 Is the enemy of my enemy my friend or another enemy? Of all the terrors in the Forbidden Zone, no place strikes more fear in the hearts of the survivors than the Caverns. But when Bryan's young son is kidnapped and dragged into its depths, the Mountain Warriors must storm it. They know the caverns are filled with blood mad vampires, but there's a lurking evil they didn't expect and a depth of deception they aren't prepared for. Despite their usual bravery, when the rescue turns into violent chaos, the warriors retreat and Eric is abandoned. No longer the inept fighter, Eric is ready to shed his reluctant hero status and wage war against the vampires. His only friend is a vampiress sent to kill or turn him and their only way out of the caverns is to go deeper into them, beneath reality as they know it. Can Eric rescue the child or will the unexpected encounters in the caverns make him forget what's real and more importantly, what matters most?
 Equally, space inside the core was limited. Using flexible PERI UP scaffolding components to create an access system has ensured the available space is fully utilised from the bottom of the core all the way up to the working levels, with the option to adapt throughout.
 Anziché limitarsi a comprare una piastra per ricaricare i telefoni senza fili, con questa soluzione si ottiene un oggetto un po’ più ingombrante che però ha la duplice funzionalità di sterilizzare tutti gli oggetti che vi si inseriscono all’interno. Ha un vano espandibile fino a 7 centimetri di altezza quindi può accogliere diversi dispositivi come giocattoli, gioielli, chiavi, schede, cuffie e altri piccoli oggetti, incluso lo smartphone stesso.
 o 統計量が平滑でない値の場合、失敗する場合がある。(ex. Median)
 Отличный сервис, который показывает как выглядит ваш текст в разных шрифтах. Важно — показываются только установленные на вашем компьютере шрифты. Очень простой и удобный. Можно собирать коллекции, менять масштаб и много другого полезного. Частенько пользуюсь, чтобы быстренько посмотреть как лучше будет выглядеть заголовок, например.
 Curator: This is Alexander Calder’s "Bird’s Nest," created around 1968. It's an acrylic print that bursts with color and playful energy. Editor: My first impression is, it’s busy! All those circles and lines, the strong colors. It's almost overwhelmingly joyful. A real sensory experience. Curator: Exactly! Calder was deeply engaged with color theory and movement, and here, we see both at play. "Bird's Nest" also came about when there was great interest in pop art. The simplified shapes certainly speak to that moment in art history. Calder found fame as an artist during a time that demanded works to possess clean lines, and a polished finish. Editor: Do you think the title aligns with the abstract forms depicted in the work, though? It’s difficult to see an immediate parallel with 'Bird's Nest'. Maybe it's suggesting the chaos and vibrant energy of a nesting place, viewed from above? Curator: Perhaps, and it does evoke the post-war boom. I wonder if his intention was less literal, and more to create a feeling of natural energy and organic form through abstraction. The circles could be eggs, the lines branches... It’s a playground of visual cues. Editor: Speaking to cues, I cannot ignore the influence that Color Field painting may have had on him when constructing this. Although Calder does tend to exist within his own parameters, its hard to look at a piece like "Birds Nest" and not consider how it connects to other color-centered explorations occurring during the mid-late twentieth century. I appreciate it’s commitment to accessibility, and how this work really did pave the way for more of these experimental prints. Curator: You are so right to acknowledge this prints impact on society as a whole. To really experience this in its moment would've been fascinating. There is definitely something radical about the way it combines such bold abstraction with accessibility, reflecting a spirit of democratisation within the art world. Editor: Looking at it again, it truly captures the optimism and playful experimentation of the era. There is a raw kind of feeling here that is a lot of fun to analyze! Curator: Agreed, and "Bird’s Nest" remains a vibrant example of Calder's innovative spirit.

**What you need to do**
The reply should consist of the records, reproduced exactly.

**Task solution**
 Is the enemy of my enemy my friend or another enemy? Of all the terrors in the Forbidden Zone, no place strikes more fear in the hearts of the survivors than the Caverns. But when Bryan's young son is kidnapped and dragged into its depths, the Mountain Warriors must storm it. They know the caverns are filled with blood mad vampires, but there's a lurking evil they didn't expect and a depth of deception they aren't prepared for. Despite their usual bravery, when the rescue turns into violent chaos, the warriors retreat and Eric is abandoned. No longer the inept fighter, Eric is ready to shed his reluctant hero status and wage war against the vampires. His only friend is a vampiress sent to kill or turn him and their only way out of the caverns is to go deeper into them, beneath reality as they know it. Can Eric rescue the child or will the unexpected encounters in the caverns make him forget what's real and more importantly, what matters most?
 Equally, space inside the core was limited. Using flexible PERI UP scaffolding components to create an access system has ensured the available space is fully utilised from the bottom of the core all the way up to the working levels, with the option to adapt throughout.
 Anziché limitarsi a comprare una piastra per ricaricare i telefoni senza fili, con questa soluzione si ottiene un oggetto un po’ più ingombrante che però ha la duplice funzionalità di sterilizzare tutti gli oggetti che vi si inseriscono all’interno. Ha un vano espandibile fino a 7 centimetri di altezza quindi può accogliere diversi dispositivi come giocattoli, gioielli, chiavi, schede, cuffie e altri piccoli oggetti, incluso lo smartphone stesso.
 o 統計量が平滑でない値の場合、失敗する場合がある。(ex. Median)
 Отличный сервис, который показывает как выглядит ваш текст в разных шрифтах. Важно — показываются только установленные на вашем компьютере шрифты. Очень простой и удобный. Можно собирать коллекции, менять масштаб и много другого полезного. Частенько пользуюсь, чтобы быстренько посмотреть как лучше будет выглядеть заголовок, например.
 Curator: This is Alexander Calder’s "Bird’s Nest," created around 1968. It's an acrylic print that bursts with color and playful energy. Editor: My first impression is, it’s busy! All those circles and lines, the strong colors. It's almost overwhelmingly joyful. A real sensory experience. Curator: Exactly! Calder was deeply engaged with color theory and movement, and here, we see both at play. "Bird's Nest" also came about when there was great interest in pop art. The simplified shapes certainly speak to that moment in art history. Calder found fame as an artist during a time that demanded works to possess clean lines, and a polished finish. Editor: Do you think the title aligns with the abstract forms depicted in the work, though? It’s difficult to see an immediate parallel with 'Bird's Nest'. Maybe it's suggesting the chaos and vibrant energy of a nesting place, viewed from above? Curator: Perhaps, and it does evoke the post-war boom. I wonder if his intention was less literal, and more to create a feeling of natural energy and organic form through abstraction. The circles could be eggs, the lines branches... It’s a playground of visual cues. Editor: Speaking to cues, I cannot ignore the influence that Color Field painting may have had on him when constructing this. Although Calder does tend to exist within his own parameters, its hard to look at a piece like "Birds Nest" and not consider how it connects to other color-centered explorations occurring during the mid-late twentieth century. I appreciate it’s commitment to accessibility, and how this work really did pave the way for more of these experimental prints. Curator: You are so right to acknowledge this prints impact on society as a whole. To really experience this in its moment would've been fascinating. There is definitely something radical about the way it combines such bold abstraction with accessibility, reflecting a spirit of democratisation within the art world. Editor: Looking at it again, it truly captures the optimism and playful experimentation of the era. There is a raw kind of feeling here that is a lot of fun to analyze! Curator: Agreed, and "Bird’s Nest" remains a vibrant example of Calder's innovative spirit.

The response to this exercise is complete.